The beginning of this story, their initial quest, is to take back that control.
Which leads them, directly and almost inexorably, into the path of a ruler who wants the world and everyone in it to remain unchanged, exactly as they are, precisely as he wills it. And them.
This is a world where, as Emily Dickinson once said, “Hope is the thing with feathers”. But this is Birdverse, where so, also, is death. A place where a master weaver can take them both and weave them together into a cloth, and a song, and change, if not the world, than at least one corner of it.
Escape Rating A-: I’m all over the map about this one. In the end, I loved it, but the beginning was slow. I think that part of that was because this was my first trip to Birdverse, and it took me a while to get my bearings in it.
Also, the story begins slowly because it feels like it is meant to. Both of the protagonists have spent 40 years not living their truths. That’s a long time to wait for anything, let alone wait to fulfill their dreams. But they’ve been holding themselves back, so it seems natural that it would take them a while to get moving toward a future that they’ve been inching towards at a snail’s pace for so many years.

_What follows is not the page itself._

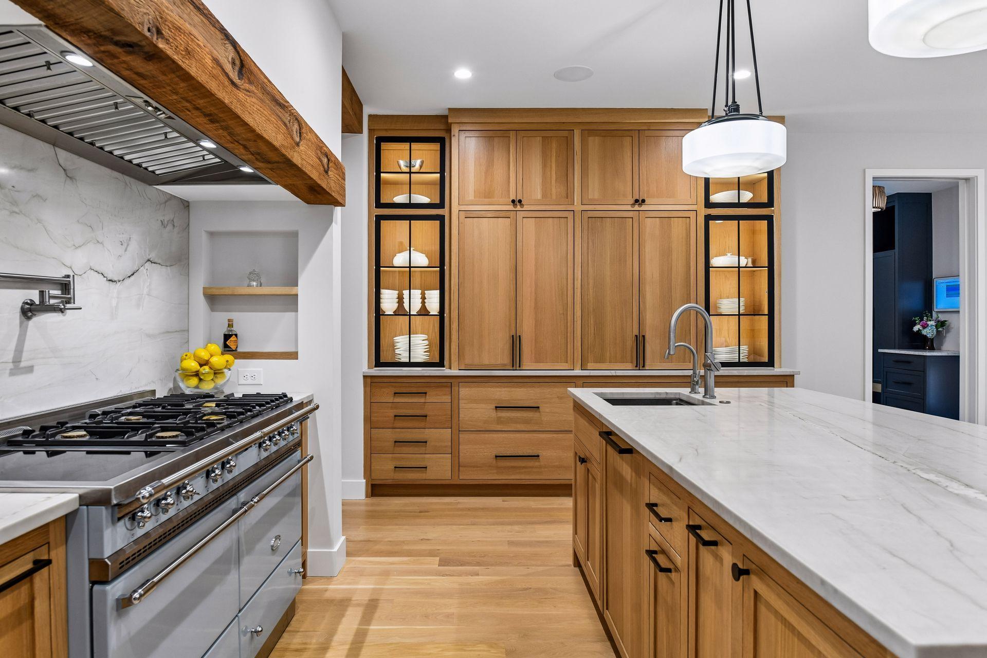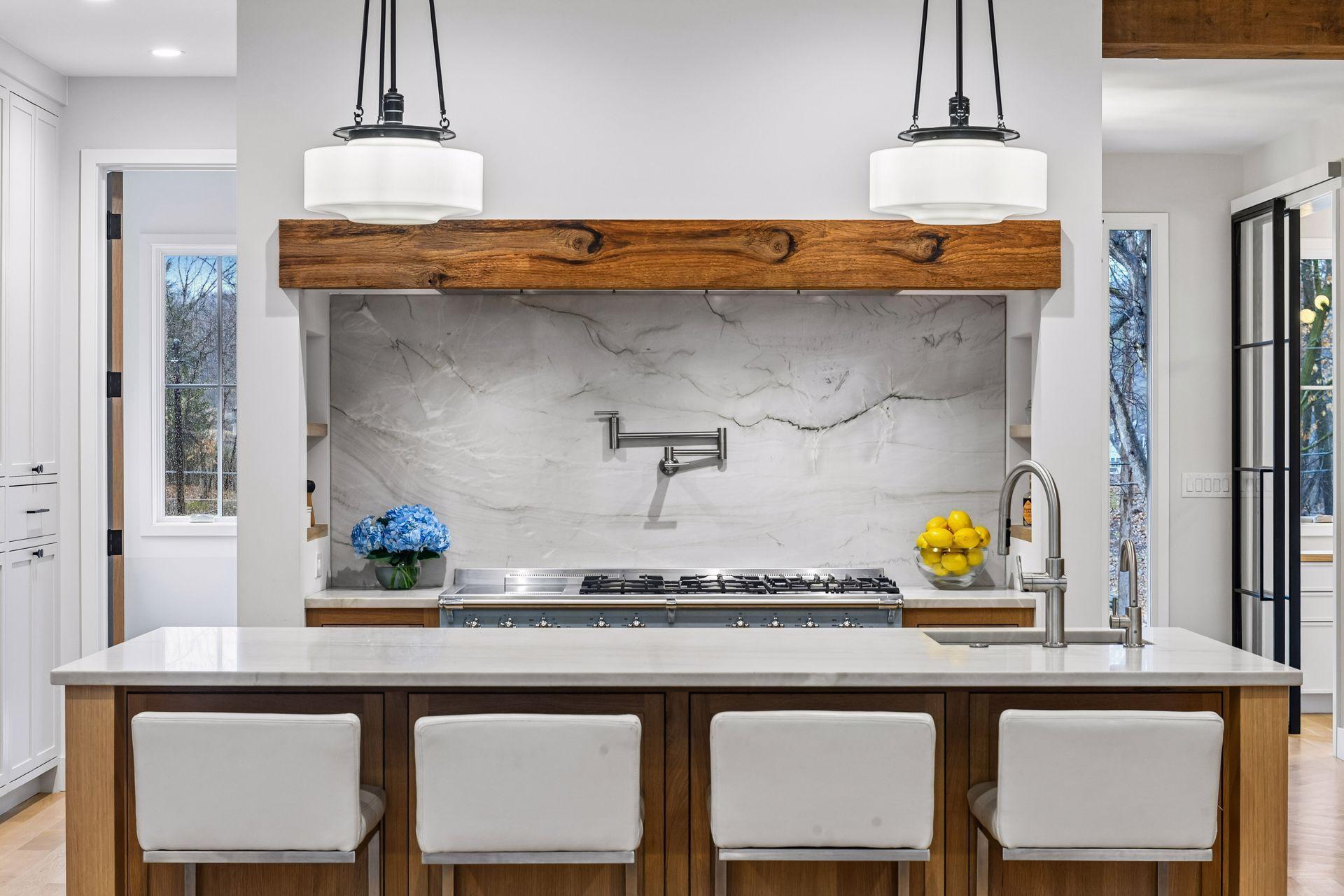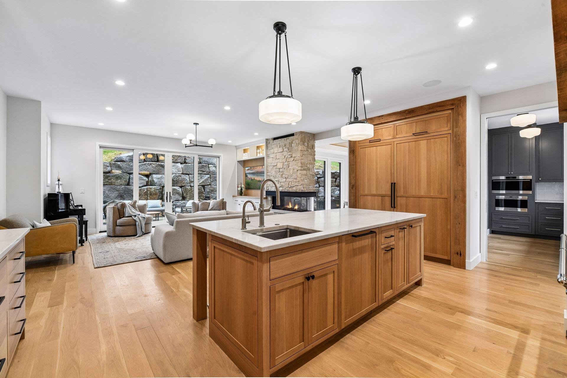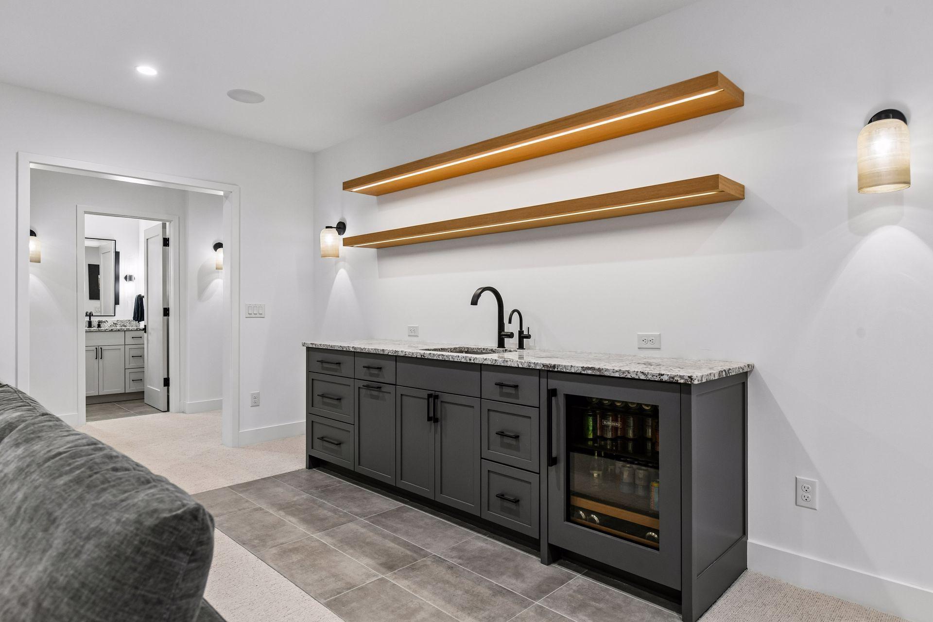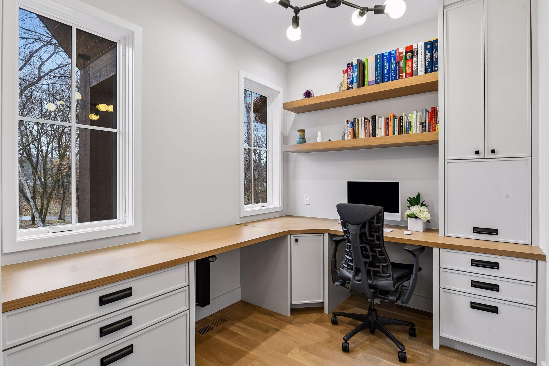 Available only due to relocation, this bespoke residence in Edina's prestigious Indian Hills neighborhood was masterfully designed by Alexander Design Group and built by Ador Homes. Blending timeless craftsmanship with modern sophistication, every detail has been thoughtfully curated to create an unparalleled living experience. The exterior sets an elegant tone with hand-laid stonework and reclaimed wood accents, opening into a deeply customized interior featuring custom cast iron details and artisan hand-blown glass fixtures. The heart of the main level is a culinary masterpiece anchored by a statement Lacanche range, supported by a fully equipped butler's kitchen, dual dishwashers, and a spacious pantry perfectly designed for seamless entertaining. The living spaces flow effortlessly, with a formal dining room and a stunning living area that opens directly onto a sprawling paver patio for refined indoor-outdoor living. The main floor also hosts a dedicated, professional-grade fitness studio and a highly functional mudroom complete with a secondary laundry station. Upstairs, you will find four generously appointed bedrooms and the primary laundry suite, giving this home the ultimate convenience of two full sets of washers and dryers. The primary suite serves as a true private sanctuary, showcasing a spa-inspired ensuite bath with radiant heated floors and a custom towel-warming rack. The lower level is an entertainer's haven. It features a spacious family and media room, a custom wet bar, a fifth bedroom suite, and a captivating hidden room cleverly concealed behind a bookcase door. With uncompromising attention to detail and abundant storage throughout, this home stands apart as a rare architectural achievement in one of Edina's most sought-after enclaves.

Once they finally begin their journey, it initially seems like a lesson in being very, very careful in what you wish for, because when you get it it isn’t anything like you imagined while you were wishing your life away to get to it.
Which is another lesson.
The thing that I kept coming back to while reading was the contradiction and the interchangeability – and the contradiction of that interchangeability – between change and death.
Both Uiziya and the Nameless Man want to change. And they both want that change to be both accepted and acceptable. The irony is that the people having the most difficulty accepting their changes is themselves.
But the Collector of Izya refuses to accept any change, of anything. And he believes that the only way to protect things from changing is to hide them away where only he can see them. He believes that death is the ultimate preservation. The dead, after all, stop changing.
At the same time, change is itself a death. When something or someone changes, it kills the thing or person that came before, even if, or perhaps especially because, the new thing or person marches on. And continues to change.
As my thoughts about this book kept spinning, the image I was left with was the Tarot card of Death, which represents both death and change. The most familiar rendition of Death in the Tarot is of a skeleton riding a pale horse as it steps over a fallen king. Which feels like a piece of the literal interpretation of this story, that not even royalty can stop change.
But this is a story that feels open to as many meanings as any myth. It’s a story about not just discovering your authentic self, but becoming that self and accepting that self, no matter how much childhood programming, loved one’s attempts to call back your tide, or social opprobrium stand in your way. And no matter how much you stand in your own way.
It’s also a story about the price of change, and the cost of redemption. And that the sins of the past may be halted but not eliminated. And that sometimes that’s all you can do, and that it’s enough.
I think there’s more in this story, and more in Birdverse. I look forward to going back and discovering it.